L’estime comblée, Jeanne s’acquitta des démarches afin de récupérer l’héritage légué par Philibert qui avait pensé à la sécurité de sa compagne dans les moindres détails. Hélas, le docteur n’avait pu anticiper les embûches que représenteraient les années passées loin de la France pour une administration peu encline à se séparer de quelque monnaie.
Âgée de presque quarante ans, la légataire reconnue par Louis XVI rejeta les limites dues à sa condition, comme à son habitude. Même si la mauvaise herbe de l’orgueil n’envahit jamais le champ fertile de son caractère, elle tint tête aux remarques les plus dédaigneuses. Les sarcasmes des délégués aux successions glissèrent sur sa détermination jusqu’à ce que l’intrépide femme entreprît une procédure juridique qui lui donnerait raison.
Il fallait maintenant retrouver au plus vite son mari pour l’informer des événements parisiens. Jean se réjouirait de leur sérénité financière. Quant à son épouse, le trajet à travers le pays apporta de nouvelles inquiétudes. La chance lui souriait enfin, mais que ferait-elle dans une campagne inconnue lorsque son marin de mari reprendrait le travail ? D’interminables mois de solitude lui répugnaient.
À Saint-Aulaye, Jean œuvrait d’arrache-pied à l’appropriation de la maison parentale. La modeste propriété suffirait à leur couple uni. Le potager manquait d’entretien depuis que l’habitation était demeurée close mais le labeur de la terre n’effrayait pas plus le Périgourdin que les affres de la mer démontée. D’ailleurs, l’idée de retourner sur un pont de bois lui serrait l’estomac. Comment faire autrement ?
Quand la voyageuse découvrit son village d’adoption et le toit qui l’abriterait auprès de son homme, le passé refit surface. Les images de sa prime jeunesse portaient de semblables couleurs avant son départ avec Philibert à Paris et l’éloignement de ses repères. Là, au milieu du chemin terreux, Jeanne acheva son tour du monde une seconde fois.
Elle s’empressa d’échanger les nouvelles avec Jean, rayonnant de soulagement à la perspective de leur avenir serein. Serrés l’un contre l’autre, l’appel de l’océan oublié, les amoureux élaborèrent leurs plans d’avenir. Habile de ses mains, le garçon du pays officierait en tant qu’artisan pendant que sa dame pourvoirait au jardin nourricier. Qu’espérer de mieux ?
La maison de Saint-Aulaye ne connut jamais la gaieté des voix enfantines pourtant le couple Dubernat profita de chaque instant. Les promenades au bord de la Dronne soulageaient le quotidien besogneux au potager ou aux outils. Jean avait acquis une réputation qui faisait venir les clients depuis des villages éloignés.
Lorsque la saison amenait les taches bigarrées de l’automne, la forêt de la Double procurait le bois indispensable au logis.
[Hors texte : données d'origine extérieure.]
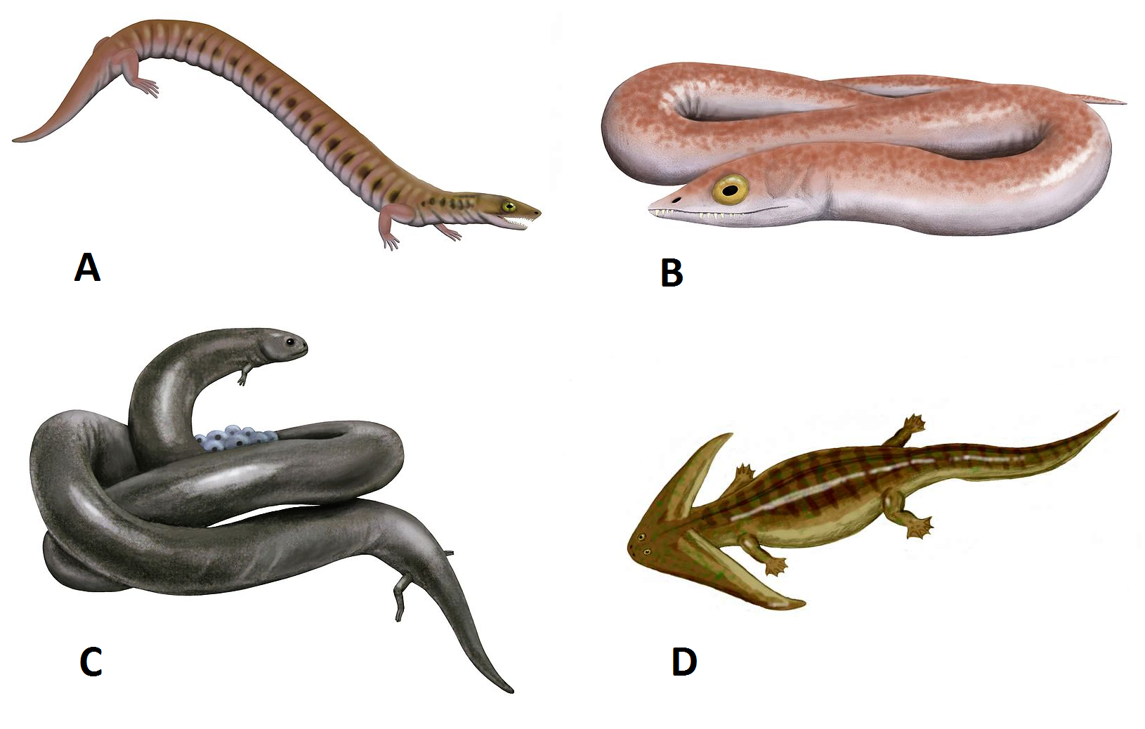 Lepospondyli diversity. (Rhynchonkos (A), Phlegethontia (B), Lysorophus (C) & Diplocaulus (D)) Pictures (A-B-C) Smokeybjb. (D) Nobu Tamura.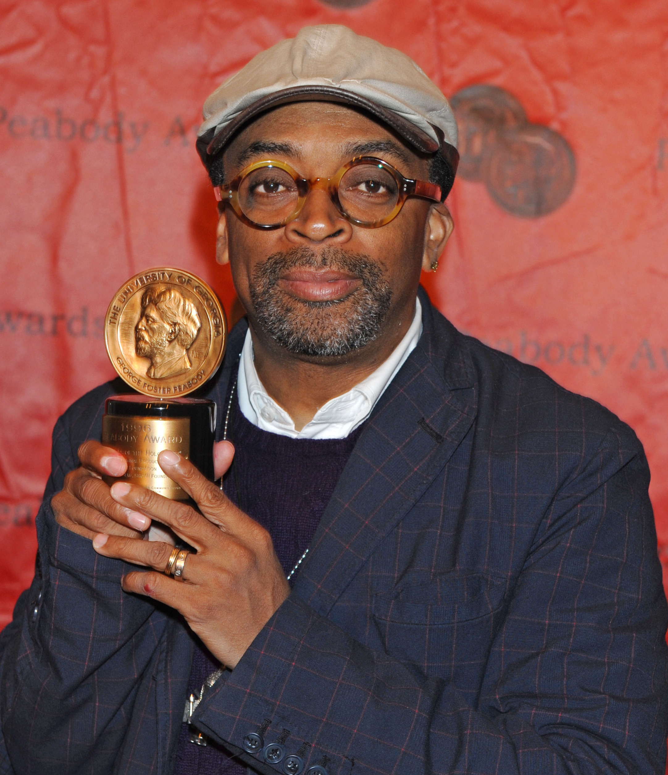 PHOTO CREDIT: ANDERS KRUSBERG / PEABODY AWARDS 70th Annual Peabody Awards Luncheon Waldorf=Astoria Hotel May 23, 2011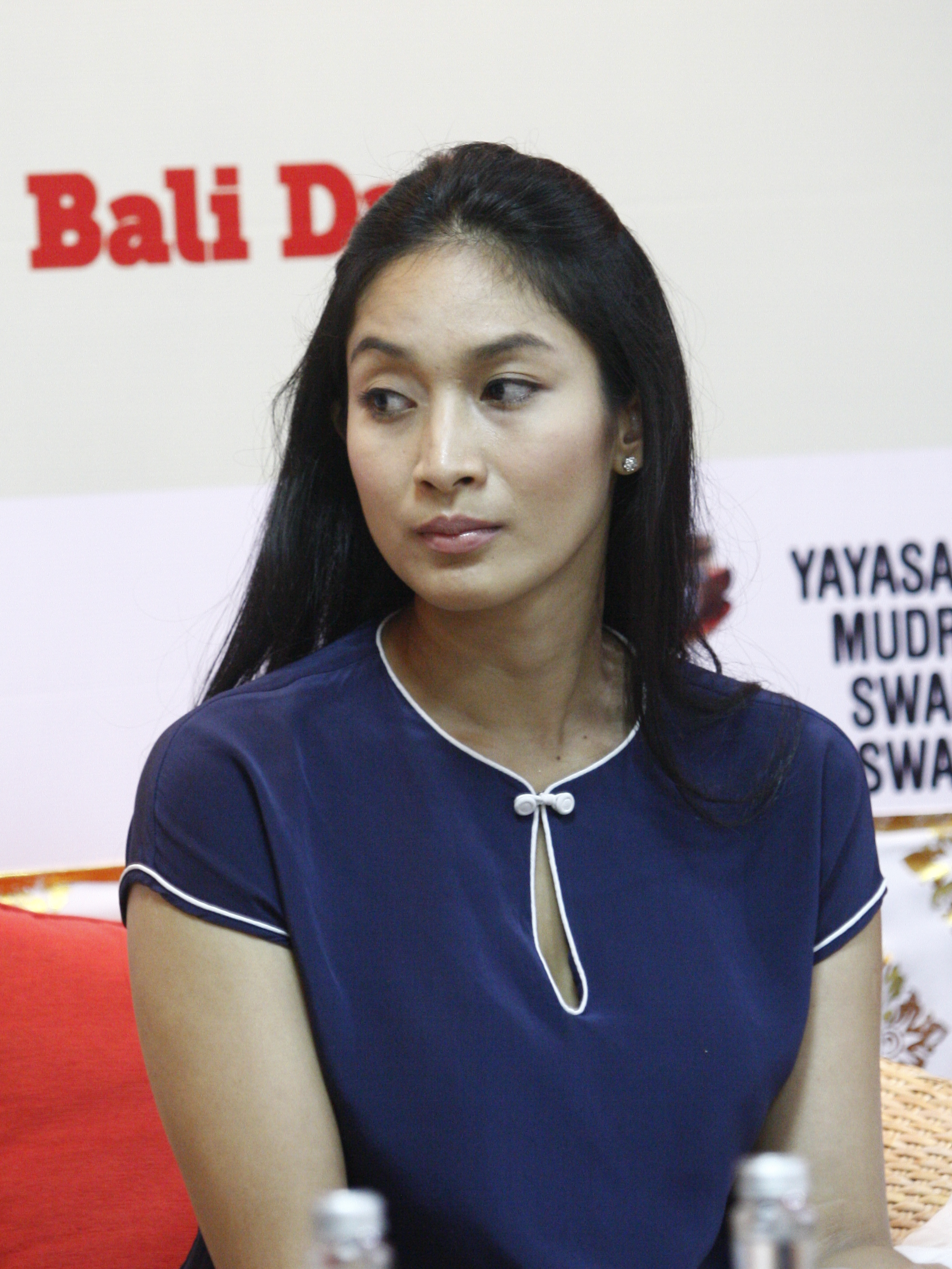 Ubud Writers & Readers Festival 2012. Image credit Stanny Angga.

L’exploitation intensive par les chantiers navals de Bordeaux et de La Rochelle privait progressivement les habitants de ce don naturel mais Jeanne su défendre leurs intérêts durant plusieurs années afin de sauvegarder ce lieu plein de souvenirs.
Tant de choses avaient changé depuis son retour au pays. Ses exploits personnels lui semblaient bien modestes face à la force d’un peuple capable de se soulever contre les puissants. Les temps révolutionnaires avaient semé leurs traumatismes jusque dans sa campagne où quelques nobles, pourchassés par la Terreur, avaient eu le funeste espoir de se réfugier.
Puis, la tempête ayant creusé le nid de l’ambitieux Corse, le vainqueur des campagnes d’Italie gravit les échelons qu’il s’était lui-même bâti. Son sacrement ramena les relents d’une monarchie superficiellement enterrée tout en entraînant une période d’affrontements européens dont les nations juste naissantes ne voyaient pas la fin.
Ce mercredi 5 août 1807, trop fatiguée pour se lever, Jeanne se demanda quelle issue connaîtrait le dernier conflit engagé par Napoléon Ier tandis que les Anglais prenaient place à Montevideo et sur l’Isle de France. L’évocation de ces terres lointaines mena son regard vers l’arbuste grimpant jusque devant sa fenêtre. Ce bougainvillier, aux délicates nuances roses, l’enchantait de son parfum chaque année, indélébile senteur de son existence extraordinaire.
Une ultime fois, emportée par les images du temps passé, Jeanne Dubernat née Barret se vit revêtue de ses habits rayés de valet déguisé. Ce domestique-là arborait le large sourire de celui qui reposerait pour toujours au cœur d’un jardin fleuri.